Still the prints are not fully convincing. Has anyone got better luck than I on this activity ? If so, How did you do it ?

Thanks for your feedback !

bnsfr
14th of August 2002 (Wed), 01:56
I find shooting in RAW results in crisp 8x10s. Are you doing that?

LEC_D30
14th of August 2002 (Wed), 09:37
I have tried different ways, including RAW. Maybe I am too picky. I am almost to the point of thinking that the D30 is not really for pictures larger than 5 by 7 in. Maybe I am wrong. What do you use to resize the pictures to 8" by 10" at 300dpi ?

Thanks.

gnoles
14th of August 2002 (Wed), 09:51
I've had very good luck with Fred Miranda's Stair Interpolation. It increases the file in steps instead of all at once. I even took a 1" crop out of a G2 image and it was sharp all the way to 5x7.
YMMV. ;)

www.fredmiranda.com

LEC_D30
14th of August 2002 (Wed), 10:47
Looks like I will have to upgrade to Photoshop 6.0 so I can use SI.
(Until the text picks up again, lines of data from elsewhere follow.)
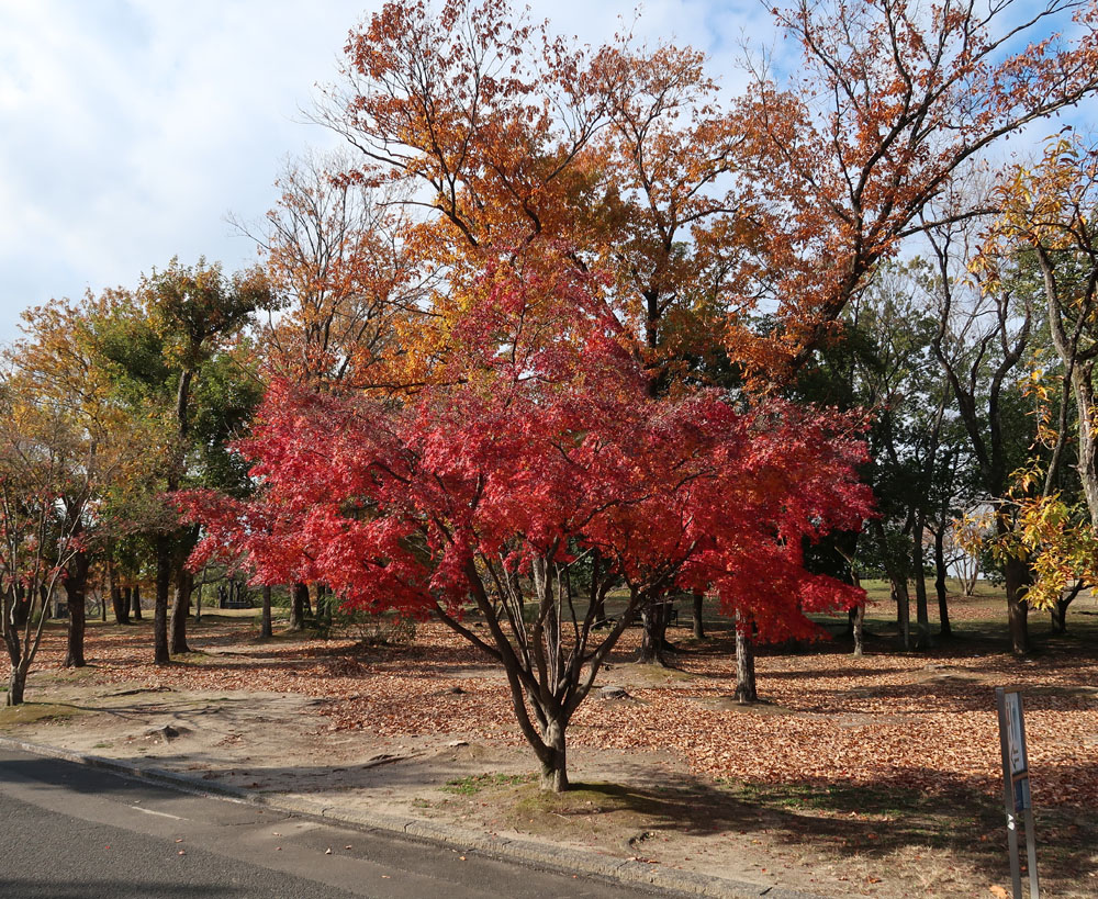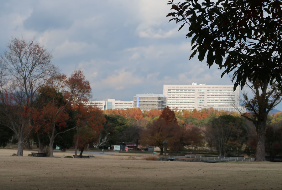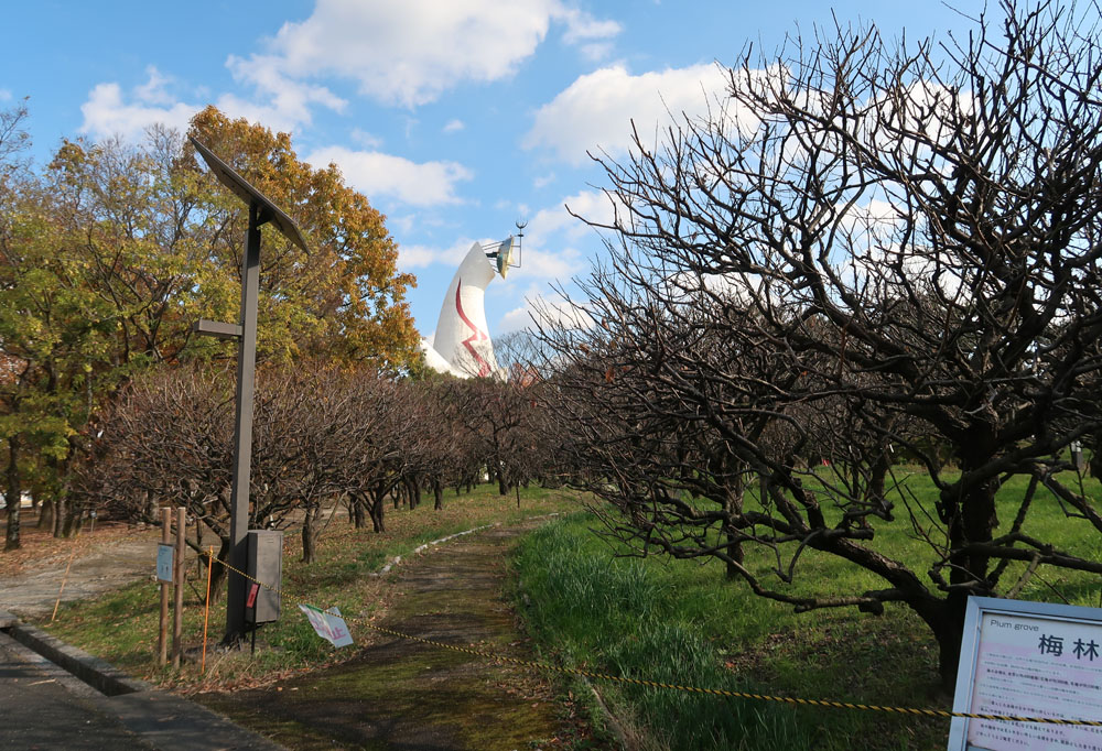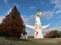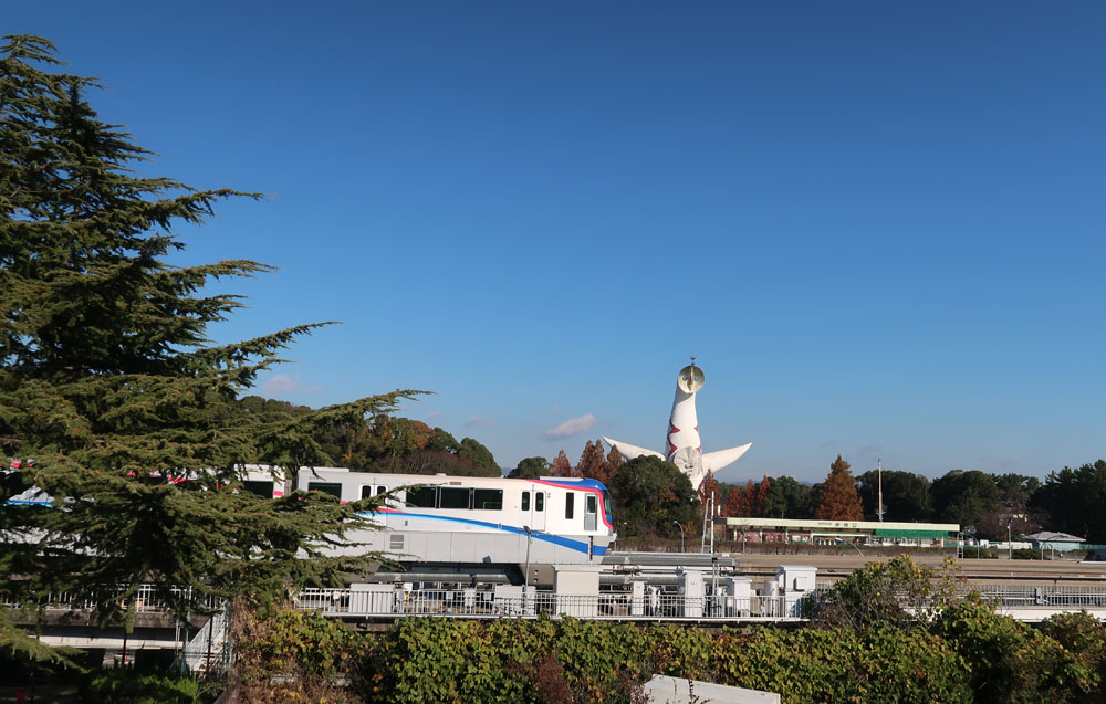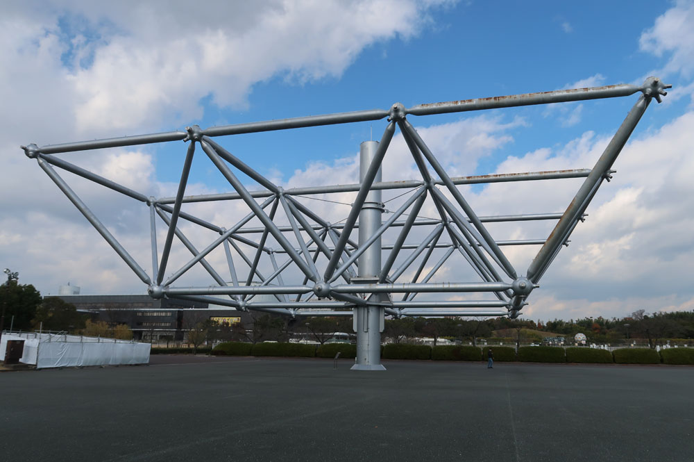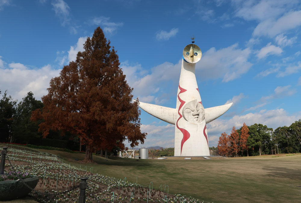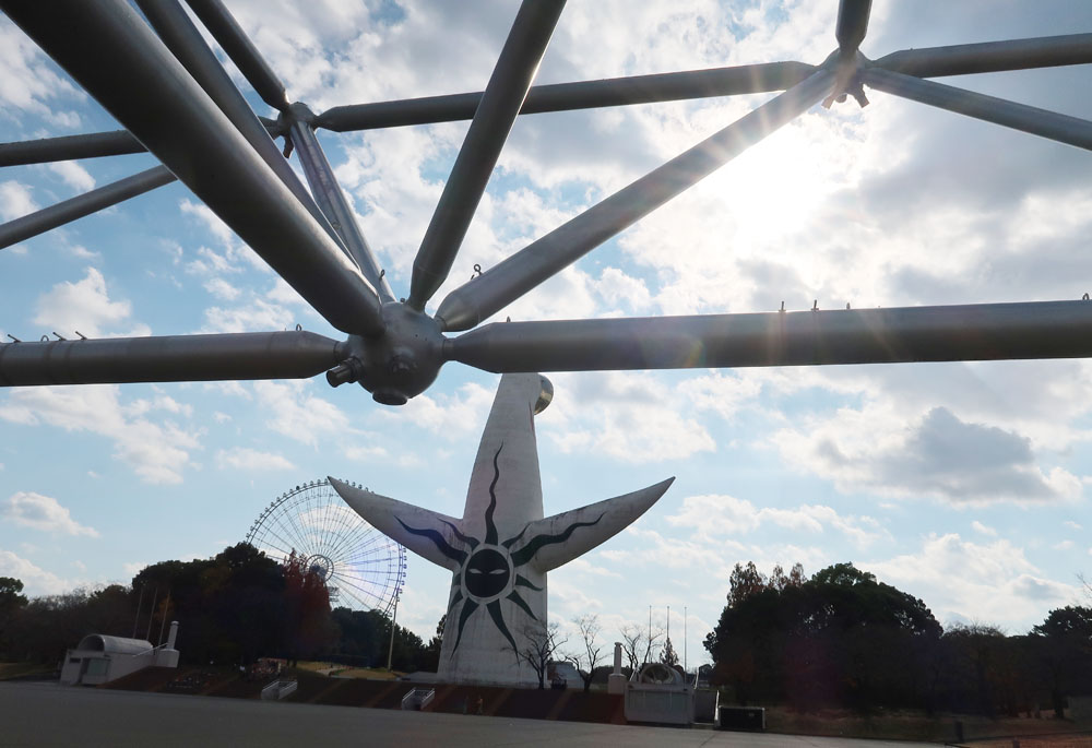 太陽の塔と記念撮影、公園の中をずっと歩いて民博に到着
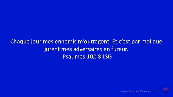Chaque jour mes ennemis m'outragent, Et c'est par moi que jurent mes adversaires en fureur. -Psaumes 102:8 LSG
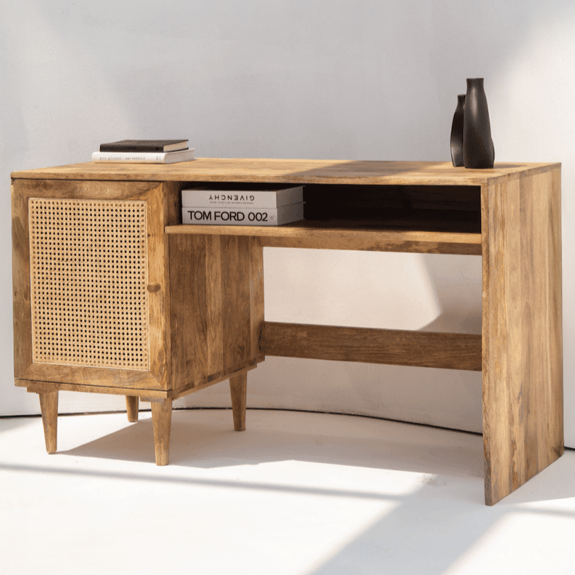 โต๊ะทำงานไม้หวายเมอริโน่ วานดานา เวสต้า แบบธรรมชาติทันสมัย ทำจากไม้เนื้อแข็ง สำหรับสำนักงาน
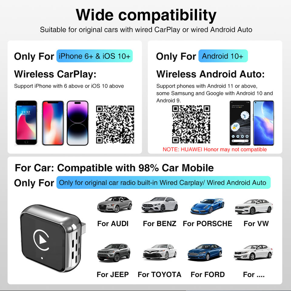 Function:Wired to Wireless CarPlay android auto wireless airplay

Thanks for your feedback. I will try it.

BobbyC
14th of August 2002 (Wed), 14:15
What USM settings are you using? I have made very sharp pics up to 11x14 and been very satisfied with 16x20's made with my D30. In comparison to my 35mm film camera, even the 16x20's look better.

LEC_D30
14th of August 2002 (Wed), 16:02
I am not really sure what USM means.


What I do is to resize the picture in Photoshop 5 to a size of 7" by 10.2". When this is done, I print the pictures at 1440 dpi using Epson premium glossy photo paper. To do the resizing, bicubic interpolation is used.

Thanks.

Roger_Cavanagh
14th of August 2002 (Wed), 16:34
lec_d30 wrote:
I am not really sure what USM means.


What I do is to resize the picture in Photoshop 5 to a size of 7" by 10.2". When this is done, I print the pictures at 1440 dpi using Epson premium glossy photo paper. To do the resizing, bicubic interpolation is used.

Thanks.

USM means UnSharp Mask. If you have been printing your D30 images out of the camera with no processing beyond what you describe, then you are _definitely_ not getting the best from your camera.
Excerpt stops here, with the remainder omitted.